# Question : 35 Chevy Coupe / Suicide Doors



## ZZZZZ (Oct 1, 2014)

I'd bet there was a piece of chrome that went there.

Do a search around the internet, you'll find plenty of photos of restored '35 Chevys.
.
.


----------



## BigJim (Sep 2, 2008)

One of our members Cocobolo is restoring a 35 Chevy right now, I bet he will know. http://www.diychatroom.com/f49/shuswap-life-204029/


----------



## Windows on Wash (Aug 30, 2011)

Love it. Love that body style and they look fantastic restored numbers matching or modified.


----------



## cocobolo (Dec 16, 2008)

You're close, I think that's a '36 Chevy, not a '35. I think the roof on the '35 coupe wasn't as rounded as the '36, unless that is a Master Deluxe Coupe shown in the picture, in which case that could be a '35.

What Chevy did back in those days was to use the previous years Master Deluxe body style for the following years regular sedans and coupes. So the roof on a '36 should look like a '35 Master Deluxe...am I confusing you enough yet?

I used to have a '35 Chevy, now I'm doing a '33 Plymouth. Mine was a sedan though, not a coupe.

To the best of my knowledge, there was nothing attached alongside of the cowl section there. That sheet metal was clean top to bottom. Someone must have done some sort of damage there in the past in order to have to try and fix it.

Hmmm...just did some checking and there's something not right with that car. I have a friend who has a '36 Chevy coupe, rumble seat version, and it does not have suicide doors. And neither can I find a '35 with suicide doors.

Most of the manufacturers had suicide doors for just a year or two in that time period. Those door handles do indeed look like they are stock, so I'm a bit confused here. Nothing unusual about that.

I have some original Chevy information buried in the depths of my computer somewhere, I will see if I can find it and get back to you.

I will also email my friend up in Alberta with the '36 and see if he can shed some light on this.

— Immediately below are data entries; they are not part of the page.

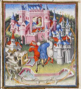 Dido purchased a piece of land on which she would create Carthage by making a deal that the size would be only as large as the area that an ox hide could cover. She was very smart, and cut the hide into thin strips, creating a much larger property than the sellers expected. The hide is represented in the image as the brown circle encompassing the people and the buildings. In the window of the palace, Dido prepares to commit suicide in front of Aeneas. Onlookers watch in despair, seeing what she is about to do.
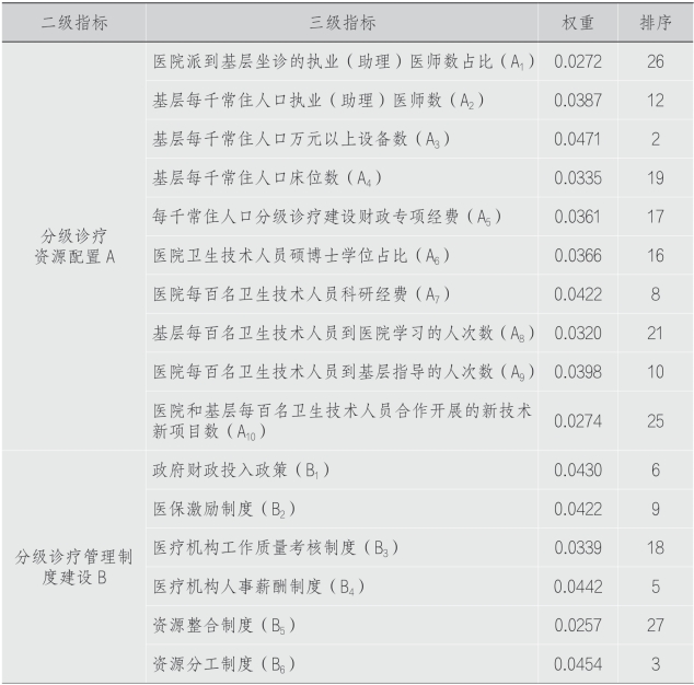表8-3…分级诊疗制度实施绩效评价指标权重值及其排名
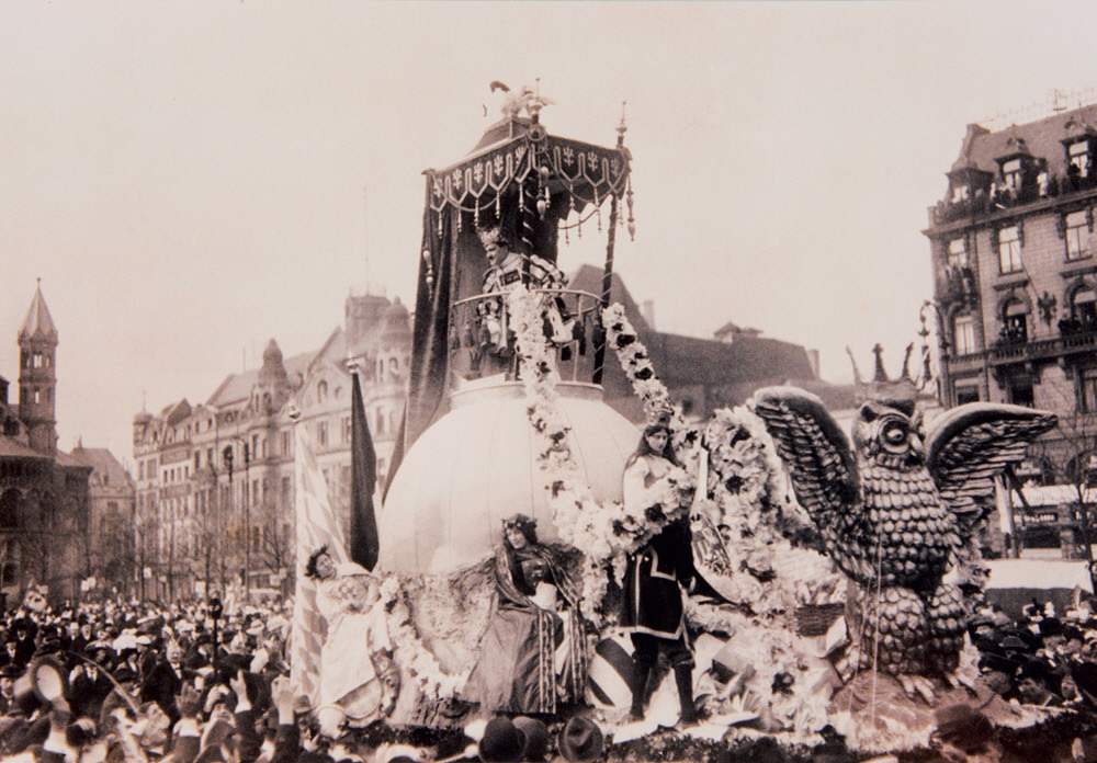 Fotografie, Köln, Rosenmontag 1914 (KSM)Bei genauerer Betrachtung wird deutlich, dass die Karnevalisten die „Werkbundausstellung=Welt-Ausstellung“ 8 nur zum Anlass nahmen, um dem Zug ein übergreifendes Thema zu geben. Die Werkbund-Ausstellung selbst taucht im Zugprogramm namentlich nicht als eigener Motivwagen auf. Die Kölner machten daraus ihre eigene Geschichte.
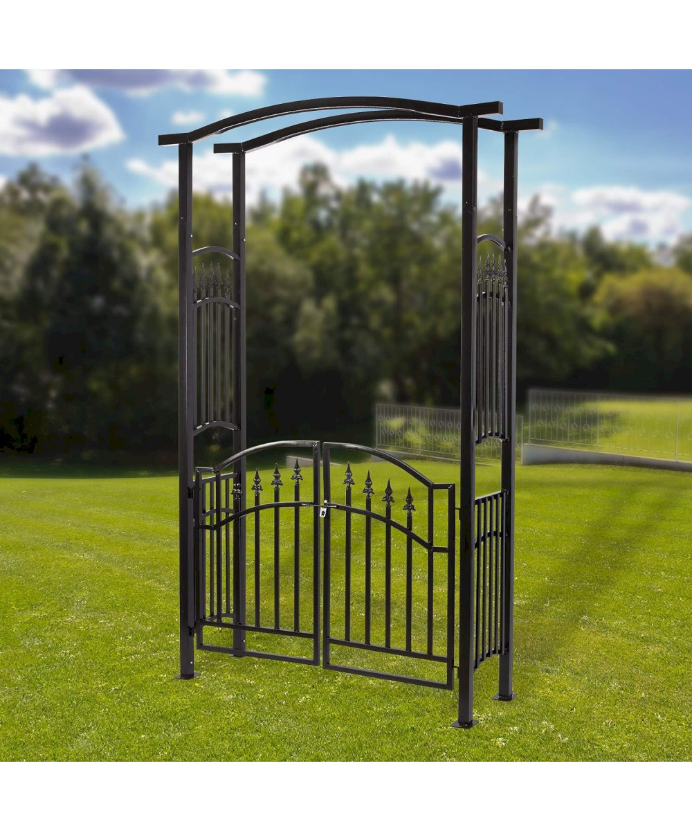 Rosenbogen mit Tür FREIBURG 140x40x220cm schwarz

One more thing, I think the '35 Chevy's had three chrome strips on the hood sides, not two. The '36 had two I believe.


----------



## cocobolo (Dec 16, 2008)

This is getting more confusing by the minute.

Now I have located photos of what are supposed to be '35 Chevy Master 5 window coupes, one has regular doors and the other has suicide doors. They both look like factory to me. Plus some of the '35 coupes have just the two strips on the hood. Actually, I think these were vents to let the engine heat out.

The three window coupes are different again, maybe that's where the roofline is confusing me.

Now I am wondering if there wasn't a door change mid way through 1935, although I have not seen this before. I know there was quite a bit of controversy regarding these suicide doors back in the day, which is why they didn't last very long.

FWIW my '33 Plymouth has all four suicide doors. Some sedans had two regular and two suicide.

Do you know if this car has a rumble seat?

But I have found nothing at all where your sheet metal was repaired. Maybe someone cut two holes to tie a rope to tow the car???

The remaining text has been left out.